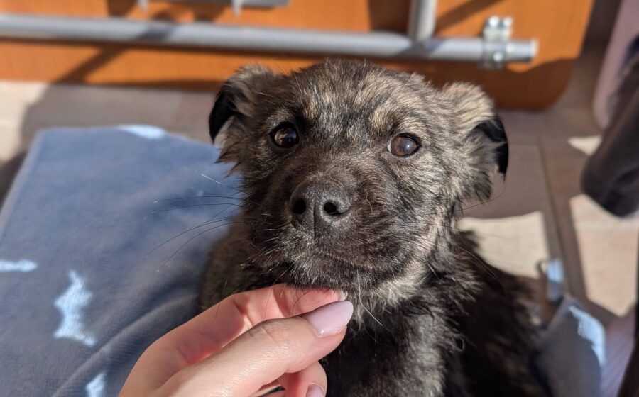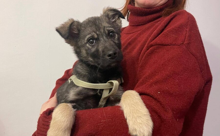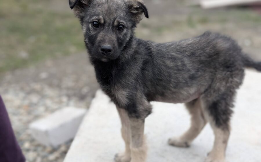 Der süße Welpenjunge ist etwa 3 Monate alt und ist mit aktuell 33 cm der Kleinste und Zarteste unter seinen Geschwistern.
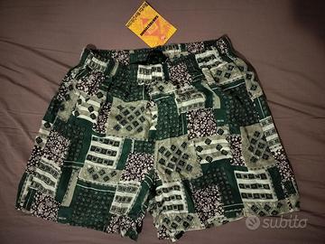 Costume da Mare marca SantoStefano in pura Seta 100% con trattamento sand-washed silk. Pantaloncini da bagno da uomo da uomo nuovi, mai indossati ancora con cartellino. Fantasia vintage con effetto lucido.
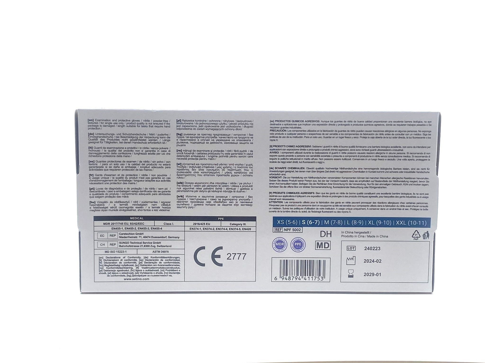Hmotnost rukavice 3,5g, pružnost 6N. Vhodné pro citlivou pokožku. OOP dle EU 2016/425 kategorie III., ZP dle EU 2017/745 třídy I., AQL 1,0, toušťka dlaně min. 0,06 mm, tloušťka prstu min. 0,08 mm, délka rukavice min. 240 mm, šířka dlaně rukavice 70 mm, válcovaná manžeta, teplota skladování 5-35°C, CE 2777 Balení 100 ks/box, 10 box/krt. UDI DI kód vytištěný na boxu i kartonu.
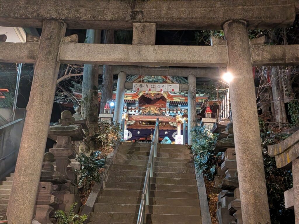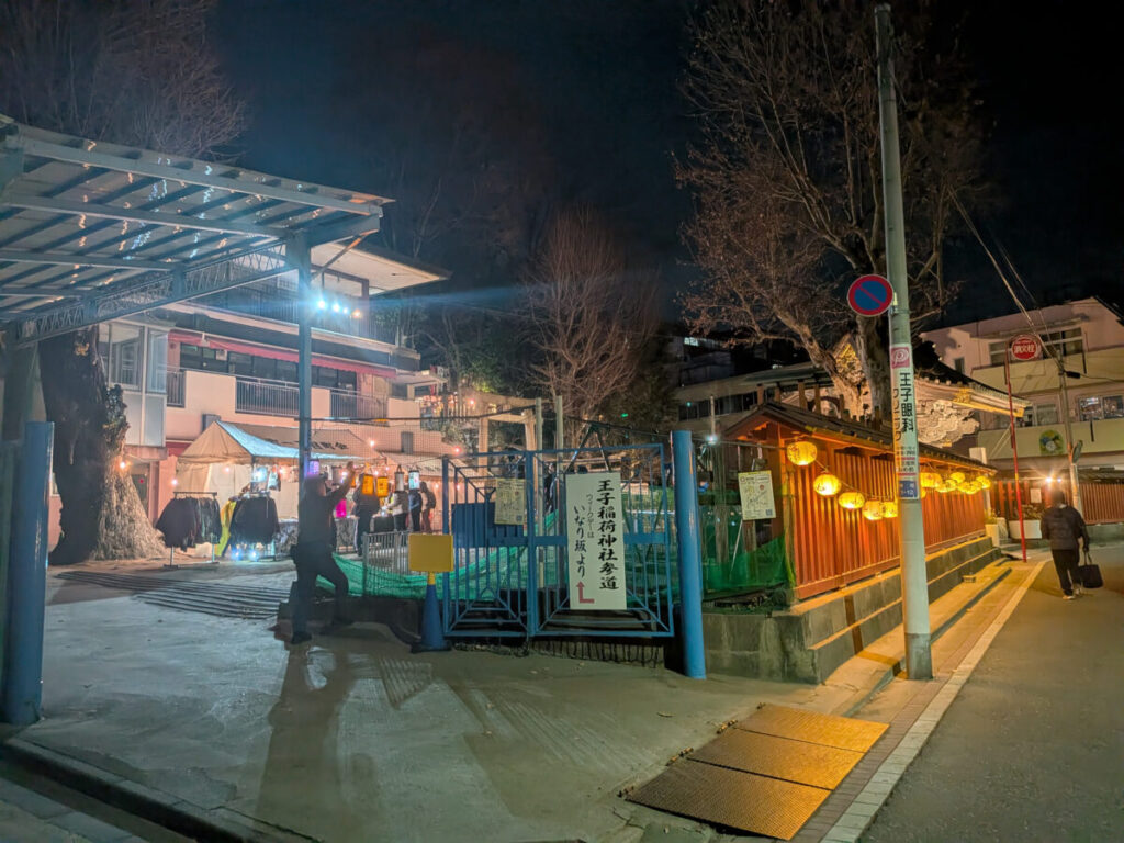 18時前後の「王子きつね村」や「権現坂から王子稲荷神社」の様子。
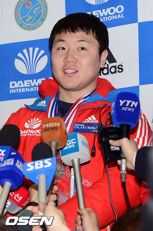 봅슬레이 대표팀 윤윤종이 인터뷰를 하고 있다
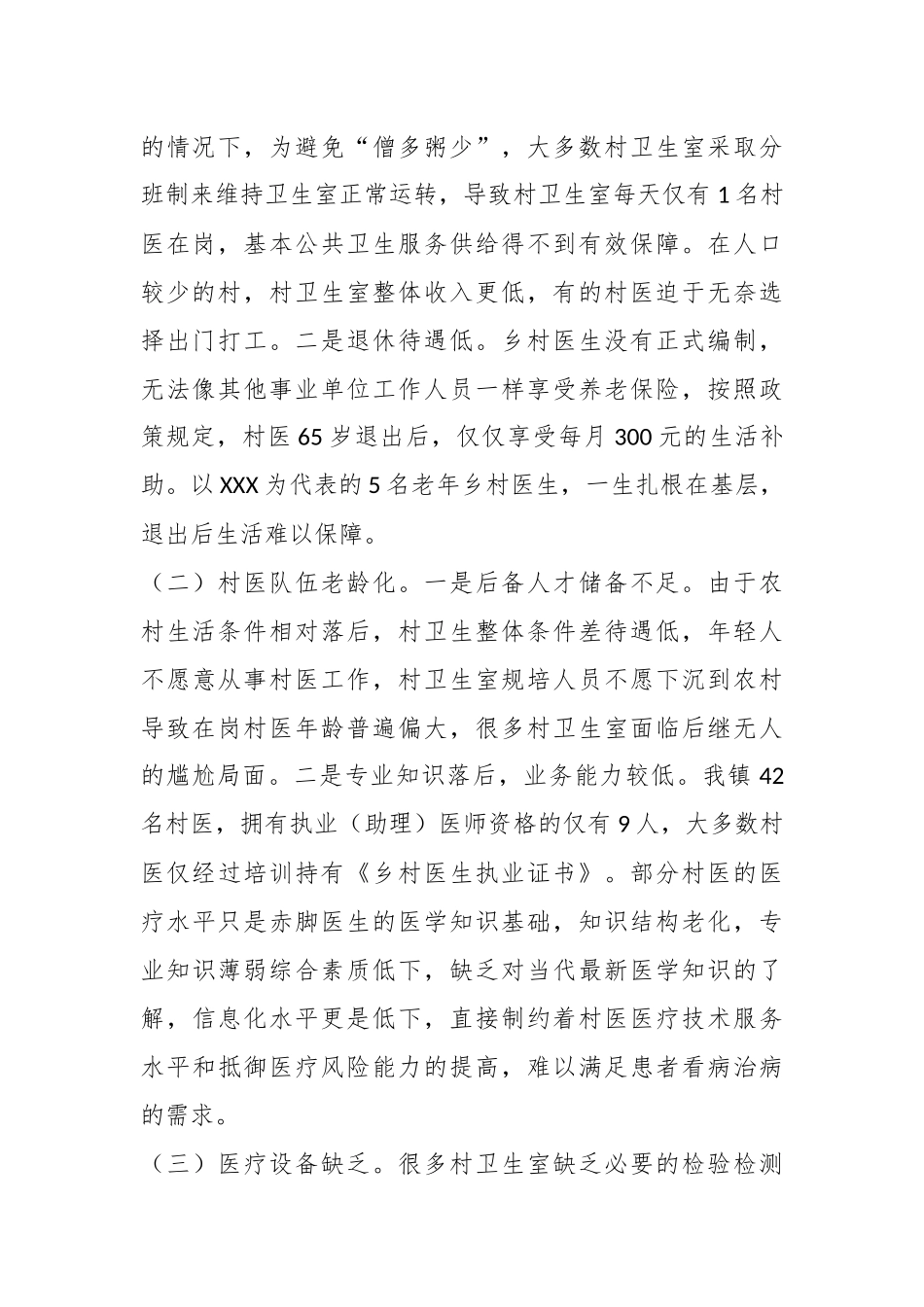 关于乡村医生医疗队伍建设情况的调研报告一、基本情况近年来,随着“健康中国”战略的提出和“人才强卫”战略的深入推进,基层卫生事业迎来了新的发展机遇,XX镇公共卫生事业也得到了较快发展,X个村(居)均各有一所村卫生室,共有在职村医42人,其中70岁以上5人,60岁以上3人,50岁以上23人。村卫生室和乡村医生成为了农村村民健康的“守门人”,是辖区留守儿童和老年人保持身体健康的希望,是辖区救死扶伤的关键性人物。农村老人、残障人员等出行困难群众生病,一个电话,乡村医生总能第一时间赶到病人家中进行诊治,为患者提供及时救治。二、存在问题与困难当前,XX镇农村医疗卫生服务能力基本满足农民群众看病需求,但随着医改的不断深入和人口老龄化加剧,村医队伍建设也存在着一些问题。(一)薪酬待遇问题。一是经济收入低。随着医改的深入基本药物目录内药品零差价销售,村医仅靠基本公共卫生服务费、基本医疗服务费,以及药品零差价补助难以维持生计。在人口较多的村,村卫生室配有多名村医,在整体收入有限的情况下,为避免“僧多粥少”,大多数村卫生室采取分班制来维持卫生室正常运转,导致村卫生室每天仅有1名村医在岗,基本公共卫生服务供给得不到有效保障。在人口较少的村,村卫生室整体收入更低,有的村医迫于无奈选择出门打工。二是退休待遇低。乡村医生没有正式编制,无法像其他事业单位工作人员一样享受养老保险,按照政策规定,村医65岁退出后,仅仅享受每月300元的生活补助。以XXX为代表的5名老年乡村医生,一生扎根在基层,退出后生活难以保障。(二)村医队伍老龄化。一是后备人才储备不足。由于农村生活条件相对落后,村卫生整体条件差待遇低,年轻人不愿意从事村医工作,村卫生室规培人员不愿下沉到农村导致在岗村医年龄普遍偏大,很多村卫生室面临后继无人的尴尬局面。二是专业知识落后,业务能力较低。我镇42名村医,拥有执业(助理)医师资格的仅有9人,大多数村医仅经过培训持有《乡村医生执业证书》。部分村医的医疗水平只是赤脚医生的医学知识基础,知识结构老化,专业知识薄弱综合素质低下,缺乏对当代最新医学知识的了解,信息化水平更是低下,直接制约着村医医疗技术服务水平和抵御医疗风险能力的提高,难以满足患者看病治病的需求。(三)医疗设备缺乏。很多村卫生室缺乏必要的检验检测设备,行医却仅靠“老三件”:听诊器、血压计、体温计农村医护人员对医疗设备专业知识知之甚少,很多不知如何使用设备来达到诊断和诊疗的目的。(四)农医报销问题。由于很多乡村医生所在的卫生站不能纳入新型农村合作医疗,老百姓宁愿跑个多小时的山路到大医院去看头疼感冒的小病,为了上大医院能够报销。即便有些能报销的村卫生站,也由于缺少电脑联网,报销的程序变得异常复杂,使村医望而却步。三、意见建议(一)针对乡村医生队伍年龄结构老化的问题,可参照大学生村官的做法,采取定向培养方式,每年确定一定数量的镇卫生院聘用编制,面向社会公开考录,作为镇卫生院驻村医生,与其签订长期合约,确保留住人才,有人可用为村医队伍注入新鲜血液,增添新的活力。(二)要切实提高乡村村医待遇。参照本地的收入水平,相应提高乡村医生福利待遇,确保留得住人。由政府财政承担村医的基本工资,建议为2000-3000元/月,同时为村医购买企业职工养老保险。(三)根据农村实际,适当配备适合农村的医疗设备,如心电图、全科诊疗仪、血尿常规及急救设备等,这样不但减少了安全隐患,同时也方便了百姓就医,真正实现分级诊疗的目的。(四)提高乡村医生的实用技能和水平,开展不同层面的岗位培训;积极开展乡村医生学历教育等工作,促进乡村医生向执业(助理)医师转化。同时,还要借助村卫生室信息化的平台,提高乡村医生服务的效率;推动开展综合改革,转变乡村医生服务模式,不断提高乡村医生为农民群众服务的实际本领和水平。
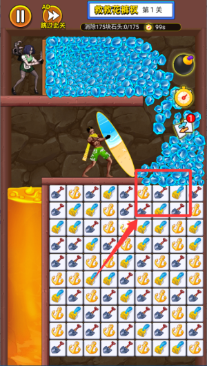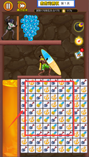 1、进入游戏后先熟悉消除机制,通过滑动屏幕将相同颜色的方块连消,为角色打通逃生路线。
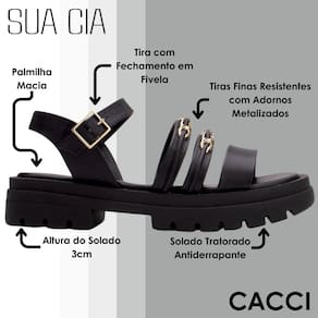 Transforme seu guarda-roupa com a Sandália Feminina Conforto Tratorada Correntes Sua Cia e sinta a diferença que um calçado elegante e confortável pode fazer. Faça seu pedido agora e eleve seu estilo com sofisticação!
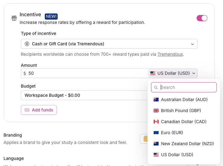We've added multi-currency support, allowing you to send incentives in a different currency, to better support companies based outside the US or regularly conducting research with specific location-based targeting.
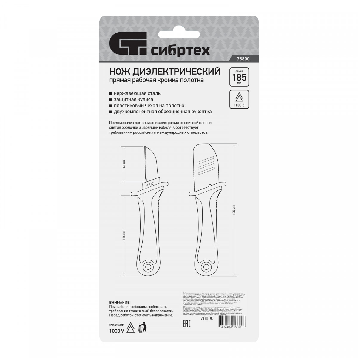 Диэлектрический нож до 1000 В с прямой рабочей кромкой полотна Сибртех 78800 будет полезен при проведении электромонтажных работ. С его помощью можно снять изоляцию с кабеля и зачистить электрожилы. За счет прямого лезвия он легко снимает даже толстую оболочку. Использовать нож необходимо с соблюдением всех требований технической безопасности, перед выполнением работ требуется отключить напряжение.
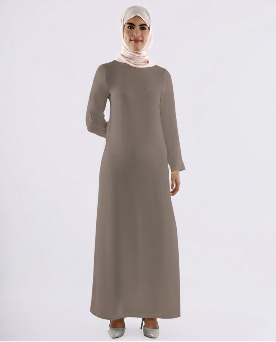 Full sleeves long slip dress to complement and complete your modest attire. Wear it as a dress/ pair it with an outerwear or use as an added layer with a dress to complete the look. Designed in a soft fabric and slim silhouette for a chic look and comfort. It's an absolute wardrobe essential. Long Full Sleeve Slip Dress Round neck detail Full Sleeve, Slim waist with regular Silhouette Curved hem at sides Slim Silhouette Main color - Grey Fabric - Viscose Rayon
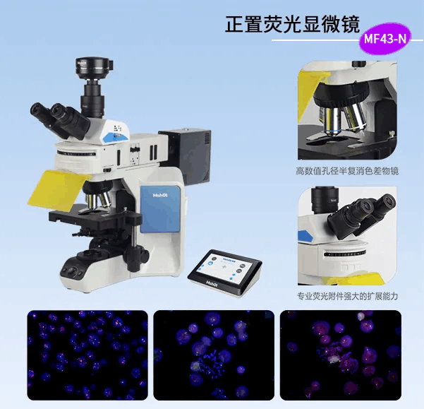 1、高性能熒光顯微鏡:明美MF43-N熒光顯微鏡,配備6孔落射熒光模塊,支持多通道熒光檢測(cè),確保高信噪比的熒光成像。
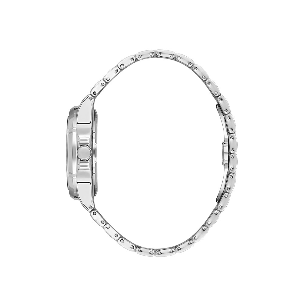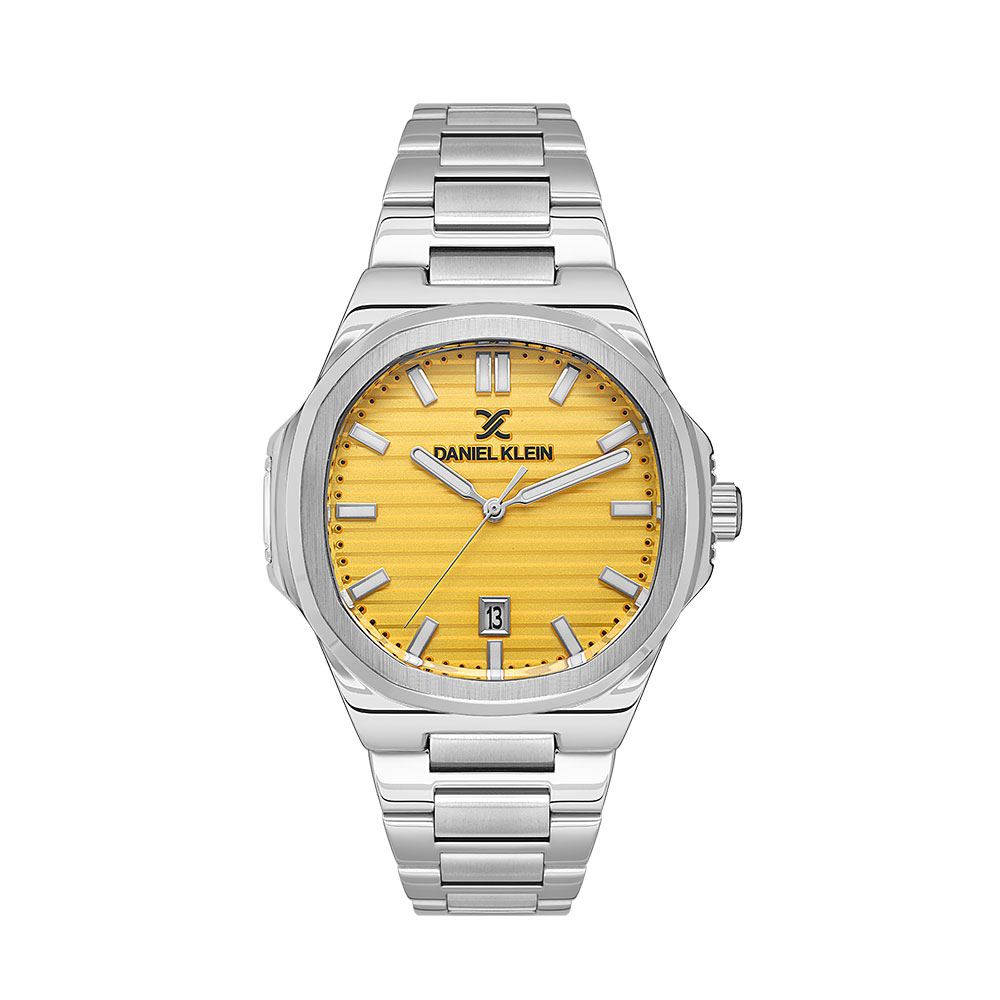 Cadranul galben cu textura distincta adauga un plus de originalitate, in timp ce marcajele orare si indicatoarele argintii ofera un contrast elegant si o lizibilitate excelenta. Mecanismul Quartz japonez Miyota 2315 garanteaza o acuratete deosebita, cu o abatere de doar ±20 secunde pe luna.
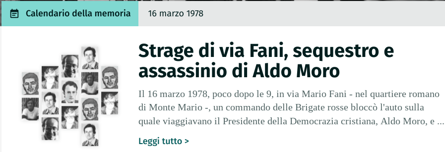 Fatalmente, oggi, 16 marzo, viene riportato il ricordo della strage di via Fani, con il sequestro e il successivo assassinio di Aldo Moro.
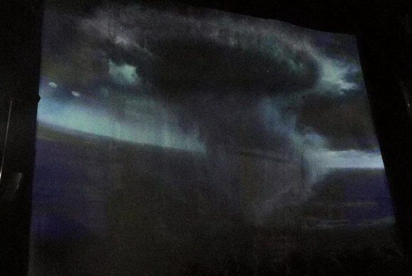 “龍卷風(fēng)暴”幕布高13米,寬12米。在該項(xiàng)目的高潮部分,游客將會(huì)被提升到9米高地方,配合投影效果,讓游客目光所及之所皆是暴風(fēng)與怒浪的壯觀景象,感受身處暴風(fēng)中心的獨(dú)特體驗(yàn)。贏康設(shè)計(jì)師在高達(dá)9米的投影平臺(tái)完成了投影機(jī)的安裝與調(diào)試。

==========

- _REQUIRED WORK_
The full listing, reproduced exactly and without pictures, is the expected output.

- _ANSWER BELOW_
 Der süße Welpenjunge ist etwa 3 Monate alt und ist mit aktuell 33 cm der Kleinste und Zarteste unter seinen Geschwistern.
 Costume da Mare marca SantoStefano in pura Seta 100% con trattamento sand-washed silk. Pantaloncini da bagno da uomo da uomo nuovi, mai indossati ancora con cartellino. Fantasia vintage con effetto lucido.
Hmotnost rukavice 3,5g, pružnost 6N. Vhodné pro citlivou pokožku. OOP dle EU 2016/425 kategorie III., ZP dle EU 2017/745 třídy I., AQL 1,0, toušťka dlaně min. 0,06 mm, tloušťka prstu min. 0,08 mm, délka rukavice min. 240 mm, šířka dlaně rukavice 70 mm, válcovaná manžeta, teplota skladování 5-35°C, CE 2777 Balení 100 ks/box, 10 box/krt. UDI DI kód vytištěný na boxu i kartonu.
 18時前後の「王子きつね村」や「権現坂から王子稲荷神社」の様子。
 봅슬레이 대표팀 윤윤종이 인터뷰를 하고 있다
 关于乡村医生医疗队伍建设情况的调研报告一、基本情况近年来,随着“健康中国”战略的提出和“人才强卫”战略的深入推进,基层卫生事业迎来了新的发展机遇,XX镇公共卫生事业也得到了较快发展,X个村(居)均各有一所村卫生室,共有在职村医42人,其中70岁以上5人,60岁以上3人,50岁以上23人。村卫生室和乡村医生成为了农村村民健康的“守门人”,是辖区留守儿童和老年人保持身体健康的希望,是辖区救死扶伤的关键性人物。农村老人、残障人员等出行困难群众生病,一个电话,乡村医生总能第一时间赶到病人家中进行诊治,为患者提供及时救治。二、存在问题与困难当前,XX镇农村医疗卫生服务能力基本满足农民群众看病需求,但随着医改的不断深入和人口老龄化加剧,村医队伍建设也存在着一些问题。(一)薪酬待遇问题。一是经济收入低。随着医改的深入基本药物目录内药品零差价销售,村医仅靠基本公共卫生服务费、基本医疗服务费,以及药品零差价补助难以维持生计。在人口较多的村,村卫生室配有多名村医,在整体收入有限的情况下,为避免“僧多粥少”,大多数村卫生室采取分班制来维持卫生室正常运转,导致村卫生室每天仅有1名村医在岗,基本公共卫生服务供给得不到有效保障。在人口较少的村,村卫生室整体收入更低,有的村医迫于无奈选择出门打工。二是退休待遇低。乡村医生没有正式编制,无法像其他事业单位工作人员一样享受养老保险,按照政策规定,村医65岁退出后,仅仅享受每月300元的生活补助。以XXX为代表的5名老年乡村医生,一生扎根在基层,退出后生活难以保障。(二)村医队伍老龄化。一是后备人才储备不足。由于农村生活条件相对落后,村卫生整体条件差待遇低,年轻人不愿意从事村医工作,村卫生室规培人员不愿下沉到农村导致在岗村医年龄普遍偏大,很多村卫生室面临后继无人的尴尬局面。二是专业知识落后,业务能力较低。我镇42名村医,拥有执业(助理)医师资格的仅有9人,大多数村医仅经过培训持有《乡村医生执业证书》。部分村医的医疗水平只是赤脚医生的医学知识基础,知识结构老化,专业知识薄弱综合素质低下,缺乏对当代最新医学知识的了解,信息化水平更是低下,直接制约着村医医疗技术服务水平和抵御医疗风险能力的提高,难以满足患者看病治病的需求。(三)医疗设备缺乏。很多村卫生室缺乏必要的检验检测设备,行医却仅靠“老三件”:听诊器、血压计、体温计农村医护人员对医疗设备专业知识知之甚少,很多不知如何使用设备来达到诊断和诊疗的目的。(四)农医报销问题。由于很多乡村医生所在的卫生站不能纳入新型农村合作医疗,老百姓宁愿跑个多小时的山路到大医院去看头疼感冒的小病,为了上大医院能够报销。即便有些能报销的村卫生站,也由于缺少电脑联网,报销的程序变得异常复杂,使村医望而却步。三、意见建议(一)针对乡村医生队伍年龄结构老化的问题,可参照大学生村官的做法,采取定向培养方式,每年确定一定数量的镇卫生院聘用编制,面向社会公开考录,作为镇卫生院驻村医生,与其签订长期合约,确保留住人才,有人可用为村医队伍注入新鲜血液,增添新的活力。(二)要切实提高乡村村医待遇。参照本地的收入水平,相应提高乡村医生福利待遇,确保留得住人。由政府财政承担村医的基本工资,建议为2000-3000元/月,同时为村医购买企业职工养老保险。(三)根据农村实际,适当配备适合农村的医疗设备,如心电图、全科诊疗仪、血尿常规及急救设备等,这样不但减少了安全隐患,同时也方便了百姓就医,真正实现分级诊疗的目的。(四)提高乡村医生的实用技能和水平,开展不同层面的岗位培训;积极开展乡村医生学历教育等工作,促进乡村医生向执业(助理)医师转化。同时,还要借助村卫生室信息化的平台,提高乡村医生服务的效率;推动开展综合改革,转变乡村医生服务模式,不断提高乡村医生为农民群众服务的实际本领和水平。
 1、进入游戏后先熟悉消除机制,通过滑动屏幕将相同颜色的方块连消,为角色打通逃生路线。
 Transforme seu guarda-roupa com a Sandália Feminina Conforto Tratorada Correntes Sua Cia e sinta a diferença que um calçado elegante e confortável pode fazer. Faça seu pedido agora e eleve seu estilo com sofisticação!
We've added multi-currency support, allowing you to send incentives in a different currency, to better support companies based outside the US or regularly conducting research with specific location-based targeting.
 Диэлектрический нож до 1000 В с прямой рабочей кромкой полотна Сибртех 78800 будет полезен при проведении электромонтажных работ. С его помощью можно снять изоляцию с кабеля и зачистить электрожилы. За счет прямого лезвия он легко снимает даже толстую оболочку. Использовать нож необходимо с соблюдением всех требований технической безопасности, перед выполнением работ требуется отключить напряжение.
 Full sleeves long slip dress to complement and complete your modest attire. Wear it as a dress/ pair it with an outerwear or use as an added layer with a dress to complete the look. Designed in a soft fabric and slim silhouette for a chic look and comfort. It's an absolute wardrobe essential. Long Full Sleeve Slip Dress Round neck detail Full Sleeve, Slim waist with regular Silhouette Curved hem at sides Slim Silhouette Main color - Grey Fabric - Viscose Rayon
 1、高性能熒光顯微鏡:明美MF43-N熒光顯微鏡,配備6孔落射熒光模塊,支持多通道熒光檢測(cè),確保高信噪比的熒光成像。
 Cadranul galben cu textura distincta adauga un plus de originalitate, in timp ce marcajele orare si indicatoarele argintii ofera un contrast elegant si o lizibilitate excelenta. Mecanismul Quartz japonez Miyota 2315 garanteaza o acuratete deosebita, cu o abatere de doar ±20 secunde pe luna.
 Fatalmente, oggi, 16 marzo, viene riportato il ricordo della strage di via Fani, con il sequestro e il successivo assassinio di Aldo Moro.
 “龍卷風(fēng)暴”幕布高13米,寬12米。在該項(xiàng)目的高潮部分,游客將會(huì)被提升到9米高地方,配合投影效果,讓游客目光所及之所皆是暴風(fēng)與怒浪的壯觀景象,感受身處暴風(fēng)中心的獨(dú)特體驗(yàn)。贏康設(shè)計(jì)師在高達(dá)9米的投影平臺(tái)完成了投影機(jī)的安裝與調(diào)試。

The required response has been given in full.